## Stored data:
+--

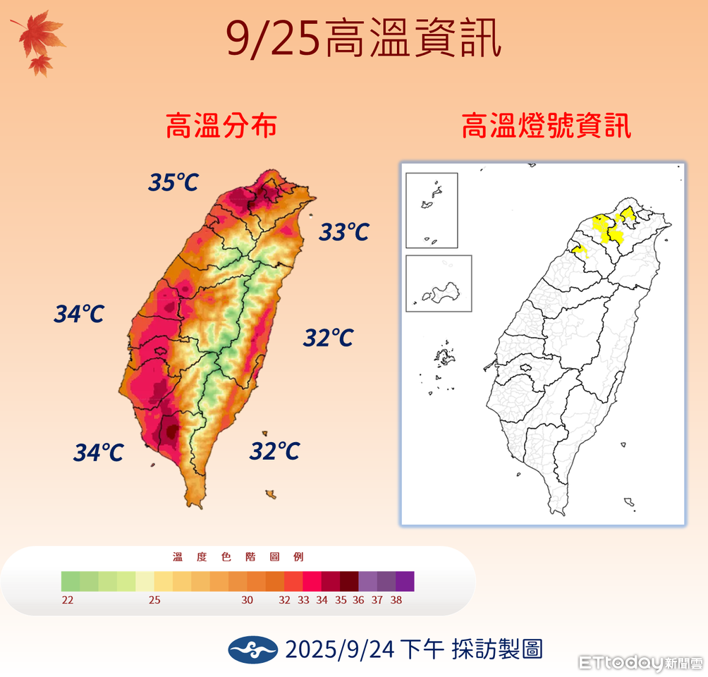 溫度方面,林定宜指出,未來一周仍高溫炎熱,各地都有32至35度,明天大台北、桃園及新竹有局部36度以上高溫。
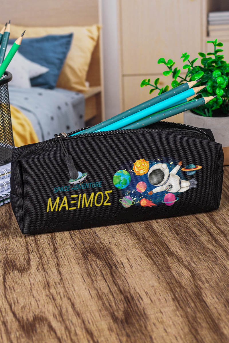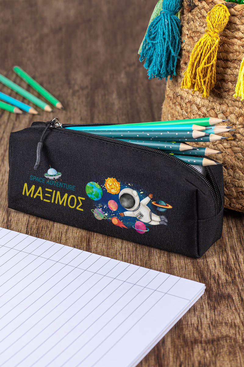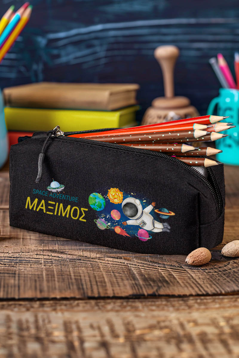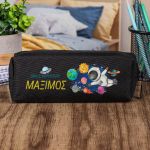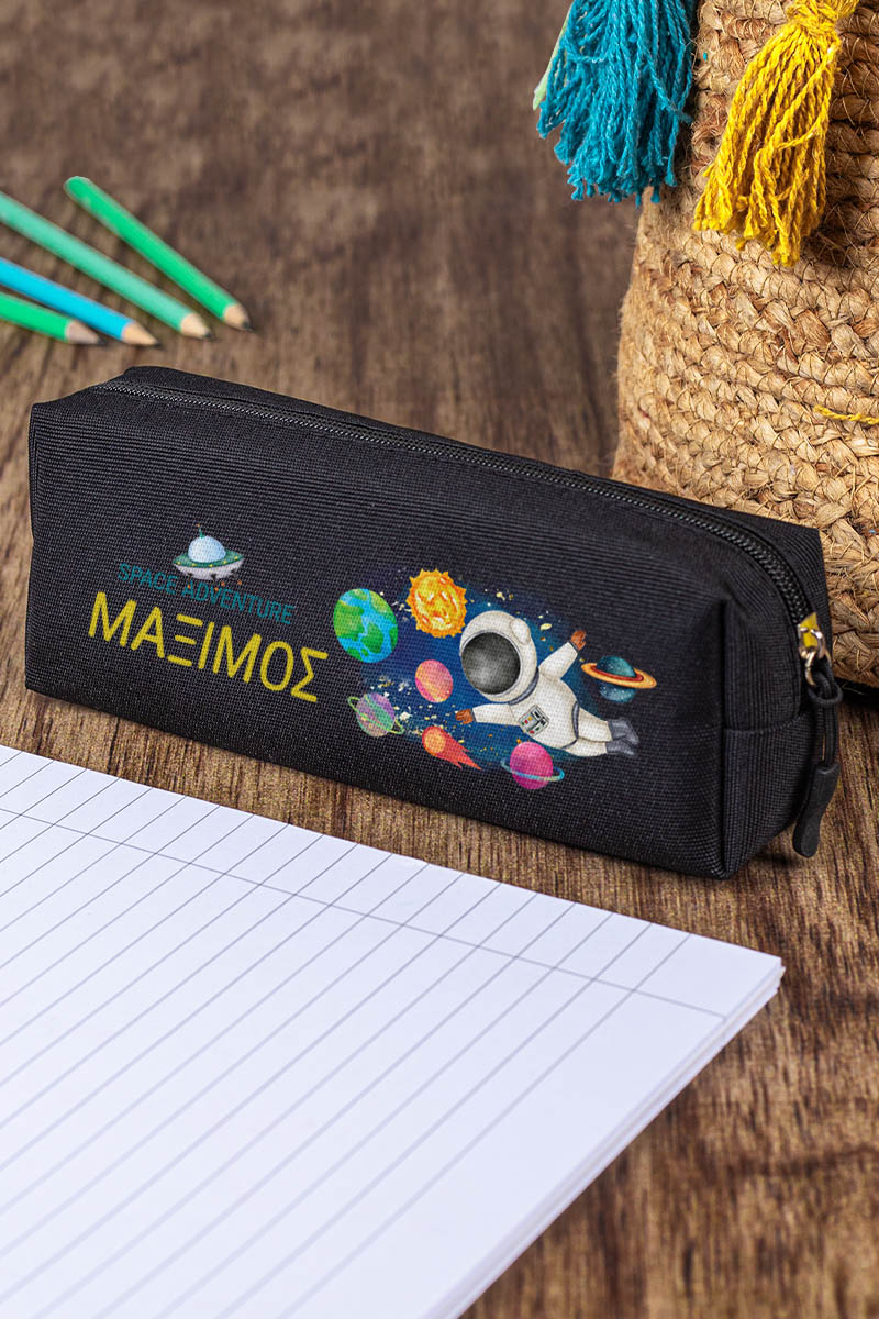 Σχολική Κασετίνα με Όνομα, σε Μαύρο Χρώμα & Σχέδιο Astronaut
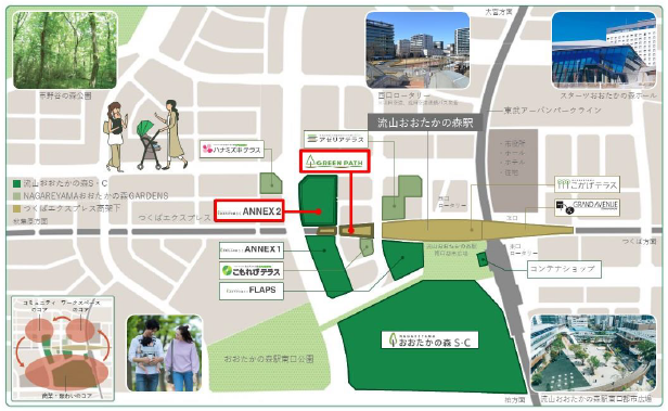 昨年オープンした「流山おおたかの森S・C FLAPS」、「NAGAREYAMA おおたかの森 GARDENS アゼリアテラス」に加え、「流山おおたかの森S・C ANNEX2」「GREEN PATH」が開業することで、東神開発が手掛ける「流山おおたかの森駅」周辺エリアの4カ年におよぶ「森のタウンセンターとしての商業機能集積事業」は完成する。この事業で創造した商業機能を核に、今後もまちづくり戦略に基づく面開発の拡大を図る。
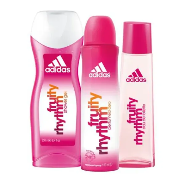 Set de Adidas Fruity Rhythm para mujer. Contiene Adidas Fruity Rhythm Eau de Toilette de 75ml, Body Spray 150ml & Adidas Fruity Rhythm Gel de Ducha de 250ml.
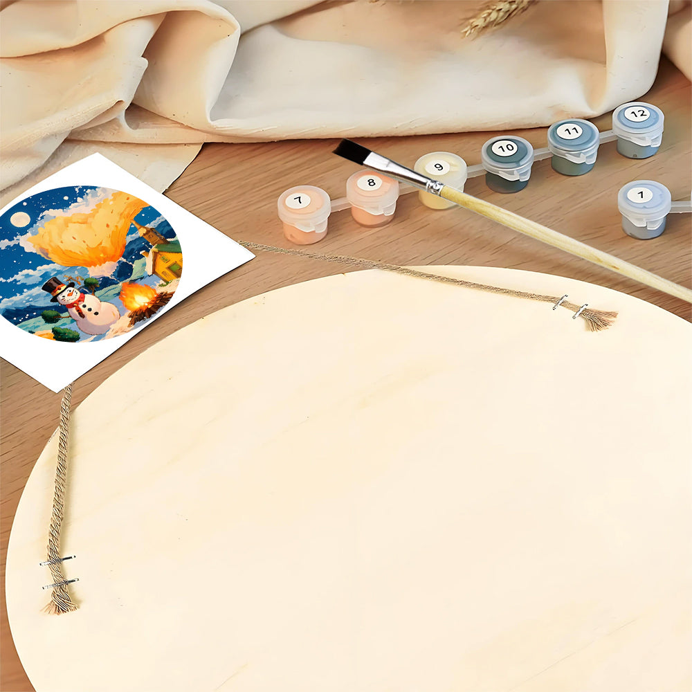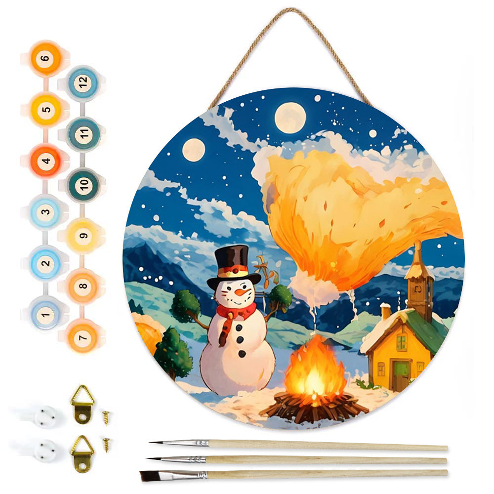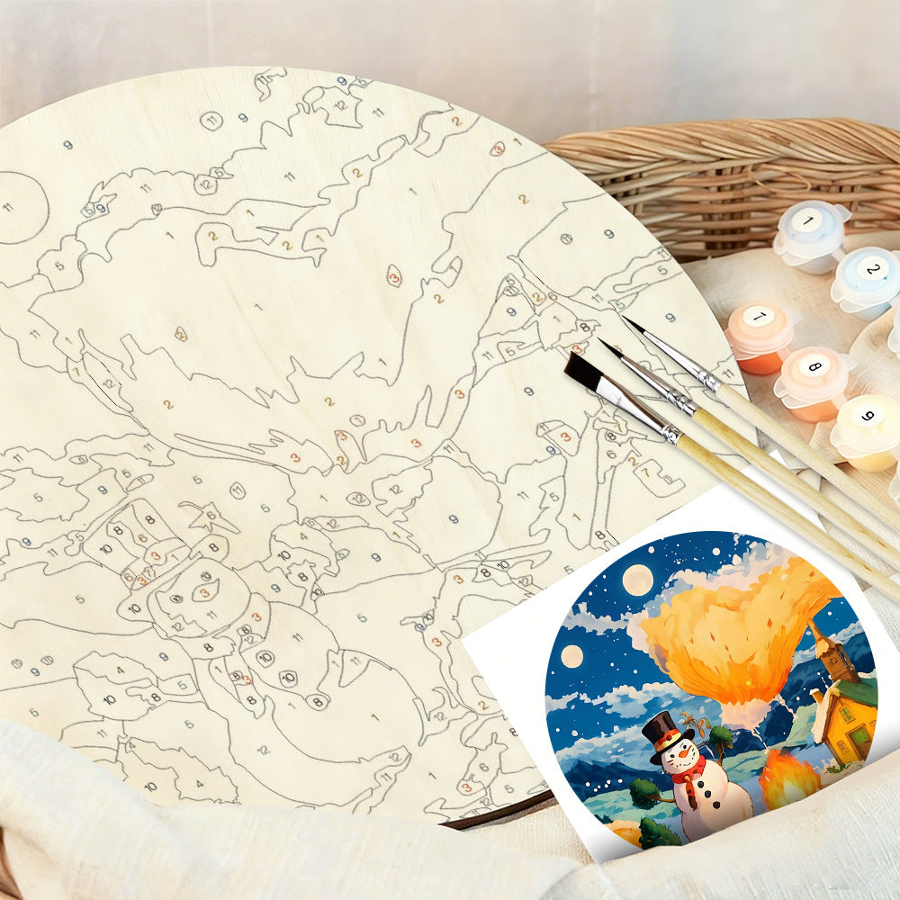 Paint by Numbers on Wood Slice - Snowman by the Campfire
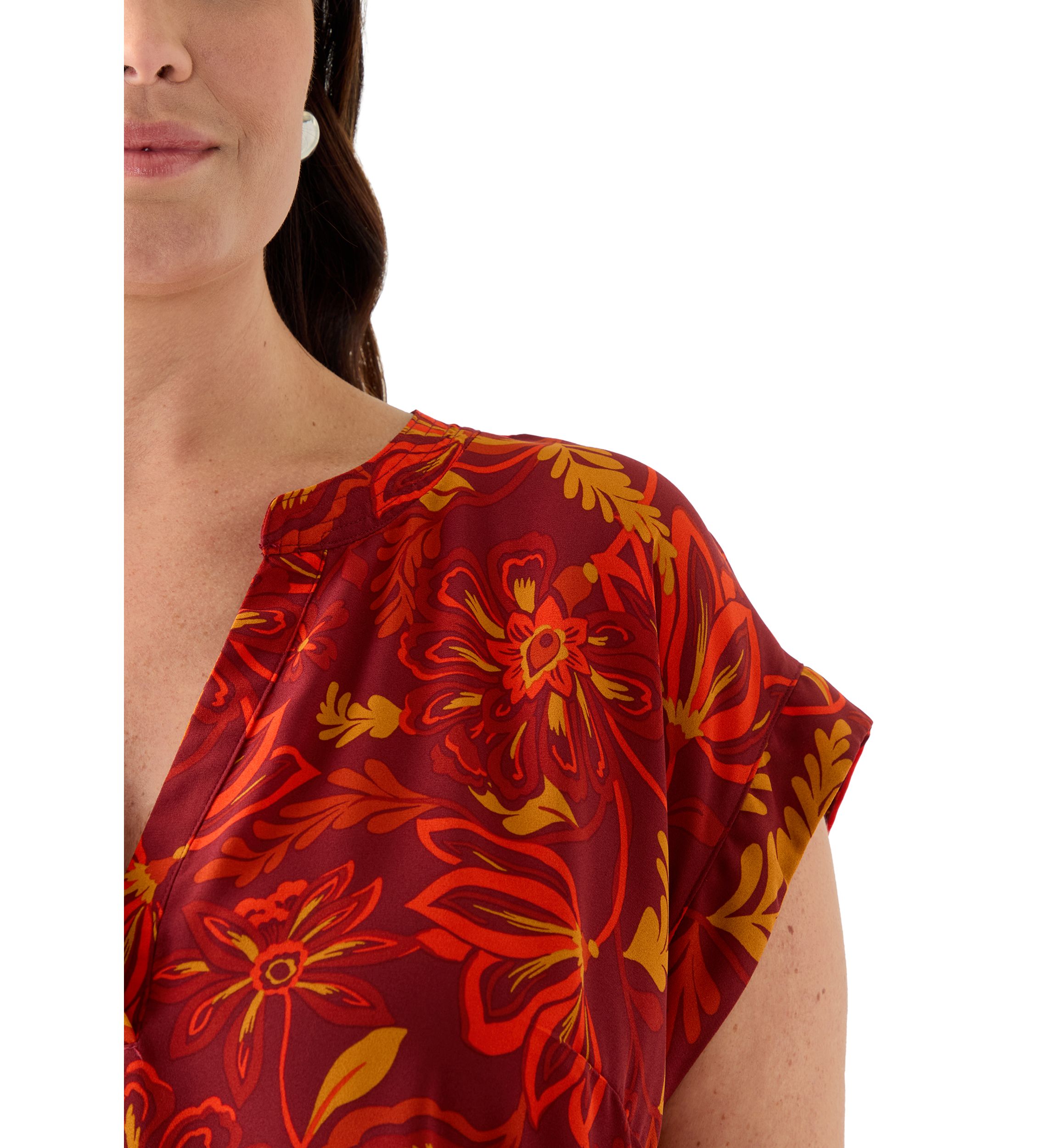 Plus Size Short Sleeve V-Neck Front Placket Blouse

+--

## Aim of the task:
Exact copy, pictures excluded: print only the lines from the line containing "Set de Adidas" through the end of the records.

## The completed task:
 Set de Adidas Fruity Rhythm para mujer. Contiene Adidas Fruity Rhythm Eau de Toilette de 75ml, Body Spray 150ml & Adidas Fruity Rhythm Gel de Ducha de 250ml.
 Paint by Numbers on Wood Slice - Snowman by the Campfire
 Plus Size Short Sleeve V-Neck Front Placket Blouse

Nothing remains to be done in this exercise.